Eventually the film was a co-production between Theodora, the production company of Cornel Wilde and Jean Wallace, and Security, a company of Phil Yordan and Sidney Harmon. Wilde changed the title to The Big Combination and Wallace suggested it be shortened to The Big Combo.

Jack Palance was originally cast opposite Wilde. Finance originally came from United Artists but they dropped out and Allied Artists stepped in.
===Shooting===
Filming was brought forward to start on September 7, because of studio space availability. Palance dropped out of the film, claiming he wanted a week off after finishing Victor Saville's The Silver Chalice (1954) with Virginia Mayo and Paul Newman in his first film role.

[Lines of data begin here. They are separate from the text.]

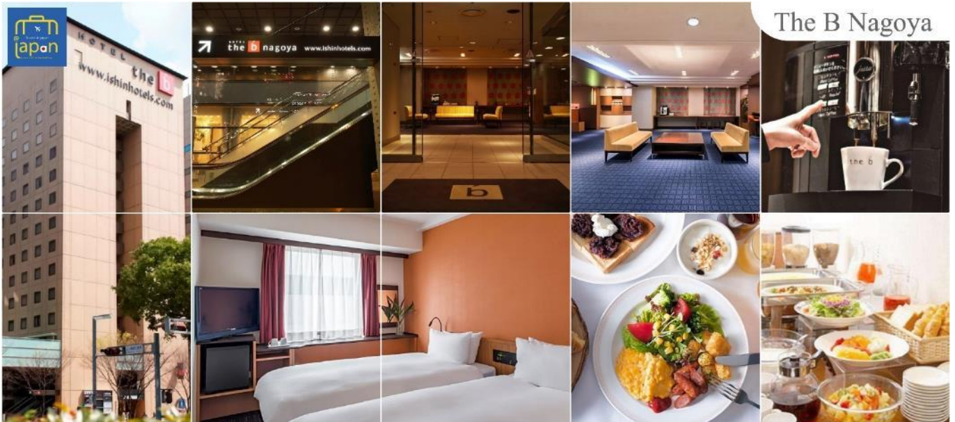
The B Nagoya

พักที่ HOTEL THE B NAGOYA หรือเทียบเท่าระดับเดียวกัน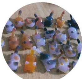
5/9(土)PM レジンねご教室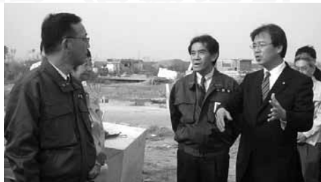
▲谷垣自民党総裁が被災地仙台を再視察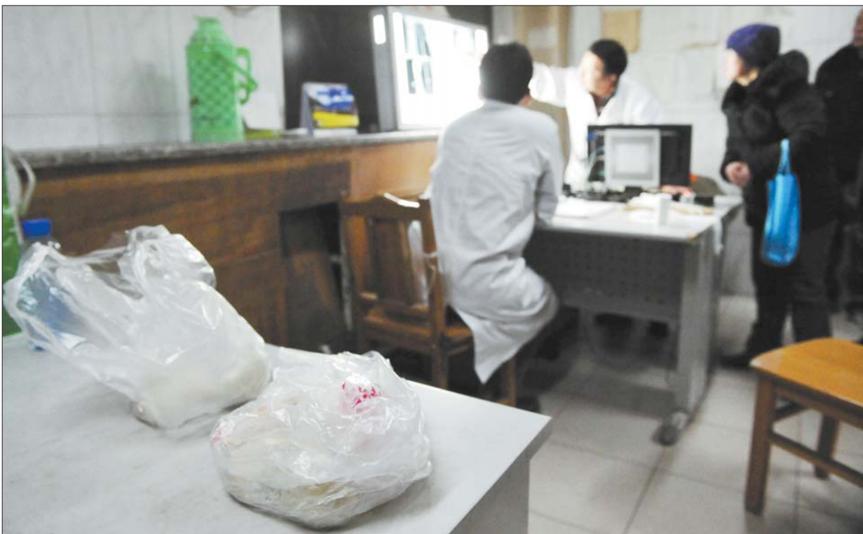
已经午夜了,而他们的晚饭还没有吃,放在桌上早已冰凉。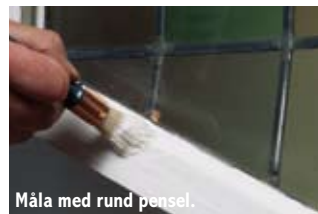
Måla med rund pensel.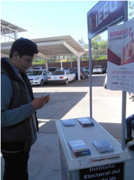
Stand informativo sobre el tema de la credencialización desde el extranjero y registro a la Lista Nominal de Electores Residentes en el Extranjero, Secretaría del Trabajo y Previsión Social, León, 27 de noviembre de 2017.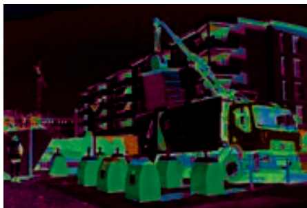
Des services à la collectivité et aux entreprises partout en Suisse romande.

Avec ses huit centres de tri et plateformes de transfert de déchets, Sogetri a développé ses compétences et son savoir-faire pour devenir le premier réseau de tri en Suisse romande. En plein essor, Sogetri prend en charge un très large éventail de déchets et regroupe les matières nobles, afin de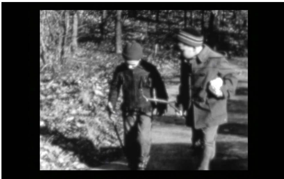
( Reminiscences of a Journey to Lithuania , 00:25)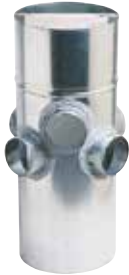
Colector Conexión de Planta multivivienda

La CRE multivivienda permite conectar dos viviendas de un mismo nivel a una misma columna vertical.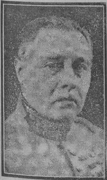
El general Gamelin ha reemplazado al general Weyand, actualmente en España, en el alto puesto de generalísimo del Ejército francés y jefe del Estado Mayor del Ejército.

Se ignoran las razones de esta acción, que se juzga algo insólita.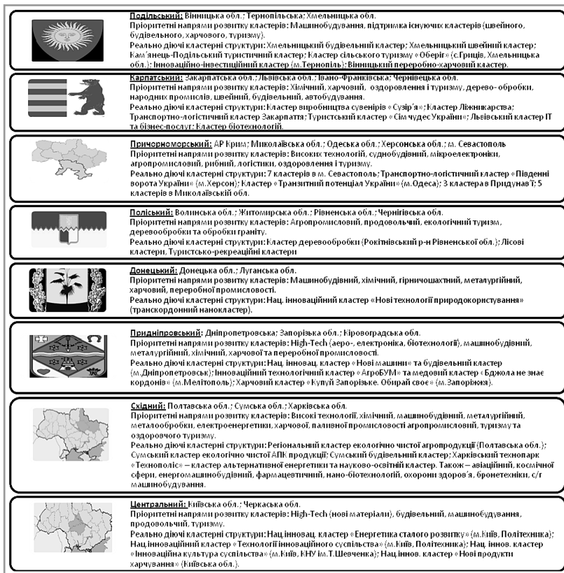
Рис. 3. Характеристика кластерних систем у регіонах України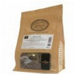
Valrhona - Manjari 64% chocolat noir de couverture pur Madagascar fèves 500 g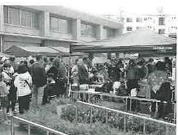
大勢の人たちで賑わう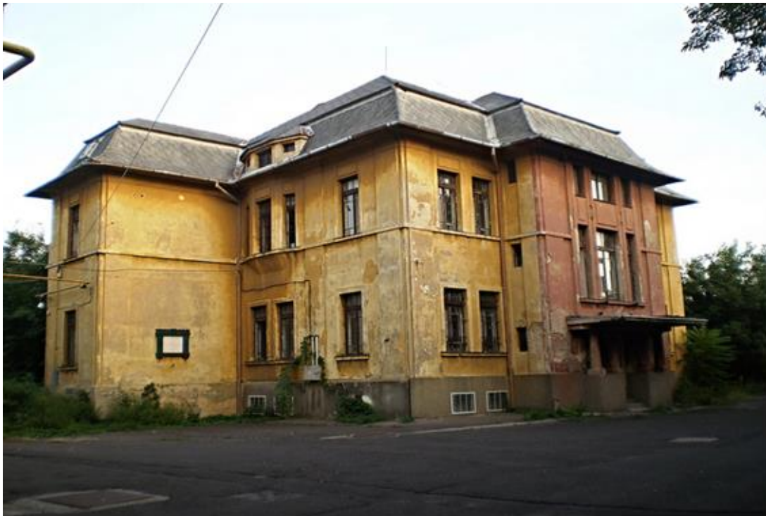
Fotó: Löffler Péter, 2017. A Pécsi Bányásztörténeti Alapítvány hagyatéka, Janus Pannonius Múzeum Pécsi Várostörténeti Múzeum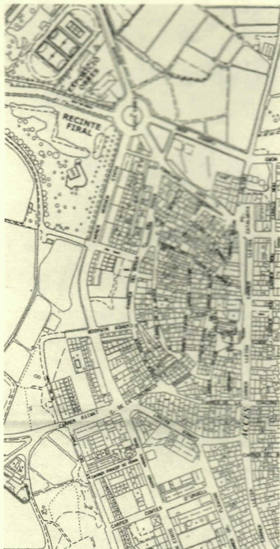
NUCLI URBÀ D'ALPICAT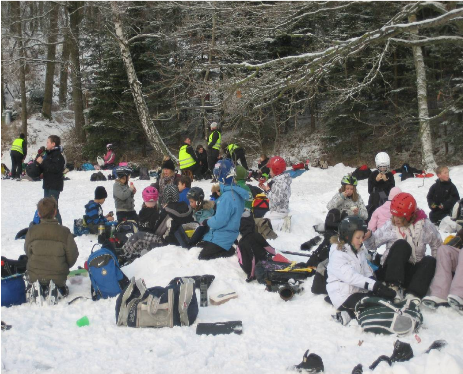
Lite fika- och pratpaus.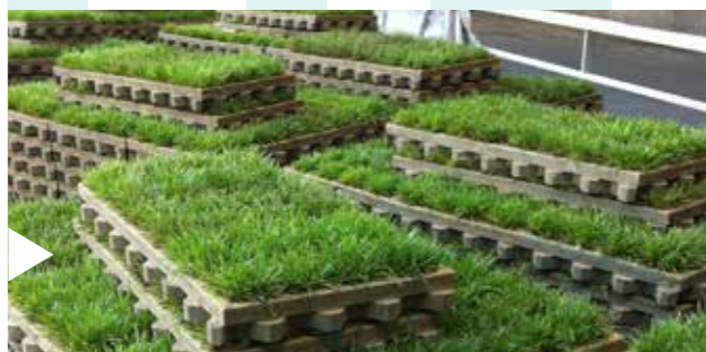
FIX & FERTIG ANGELIEFERT

Die Sofortlösung für begrünte Pkw-Parkplätze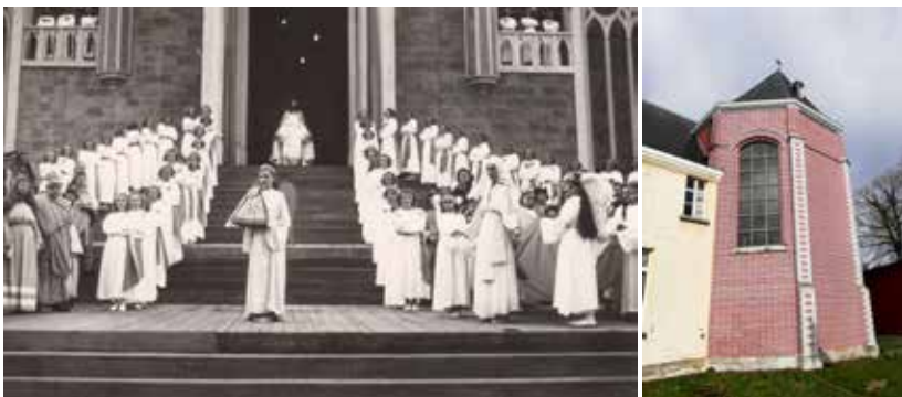
500 jaar Onze-Lieve-Vrouw-ten-Doom 1948

In 1682 konden de Paters Recollecten eindelijk de westgevel van de kapel afwerken. In de eerste drie stenen door de Gardiaan (kloosteroverste) gelegd, was telkens een naam gegrift, nl. Jezus, Maria en Franciscus. Op de gevel werd ook het wapenschild van de Eeklose heer, de la Faille, aangebracht. Door de bouw van de belpoort verdwenen deze speciale stenen echter onder het pleisterwerk.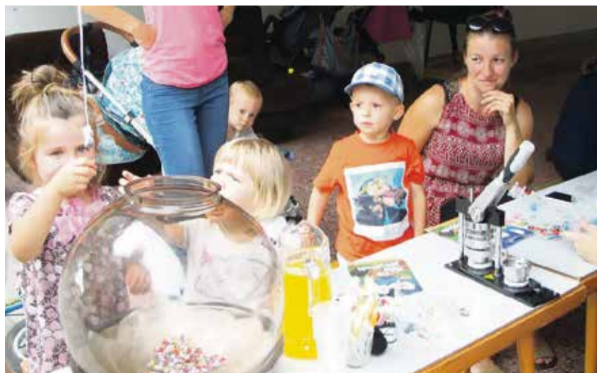
Od 16. hodiny sú v obývačke pripravené hry pre deti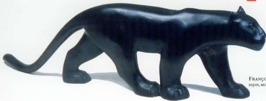
FRANÇOIS POMPON, La grande panthère noire , 1931 DIJON, MUSÉE DES BEAUX-ARTS, © MBA DIJON

Il se fabrique un petit établi portatif qu'il pend autour de son cou et qui lui permet de modeler sur le vif son sujet avec de la glaise. Tous les animaux l'intéressent et le fascinent : animaux domestiques, animaux de la ferme et de la forêt l'été à la campagne et animaux exotiques le reste de l'année au Jardin des Plantes (fig. 4).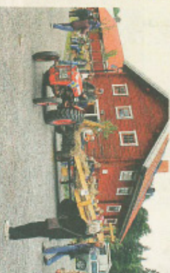
TRAKTORSKURSER. Många barn ville åka med traktor och vagn som anordnades av Vågar Aktörsklubben.

Palance was disappointed his wife was not cast in the second female lead. He was replaced by Richard Conte. Conte's casting meant the start date for another film, Cry Vengeance, had to be pushed back.

The film also marked the conclusion of Helen Walker's film career; she was consigned to a small but pivotal role in The Big Combo.

The film was shot in 26 days.

==Reception==
Joseph Lewis said "we had a very good reception on that, extremely fine."
===Critical response===
The staff at Variety magazine liked the film's direction, music and photography, despite "a rambling, not-too-credible plot." They wrote, "Performances are in keeping with the bare-knuckle direction by Joseph Lewis and, on that score, are good. Low-key photography by John Alton, one of his best, and a jazz-derived score by David Raksin with solo piano by Jacob Gimpel are in keeping with the film's tough mood."

A pair of late-20th-century critics compared the quality of The Big Combo to Fritz Lang's The Big Heat as one of the great film noir detective classics in terms of style.

==Home media==
The film was released on Blu-ray by Olive Films in 2013 with a restoration completed by UCLA Film & Television Archive and the Film Foundation. A new HD restoration was completed in 2018 by Arrow Films in the UK. In March 2026, Ignite Films will release The Big Combo on 4K UHD and Blu-ray with a new 70th Anniversary 4K restoration.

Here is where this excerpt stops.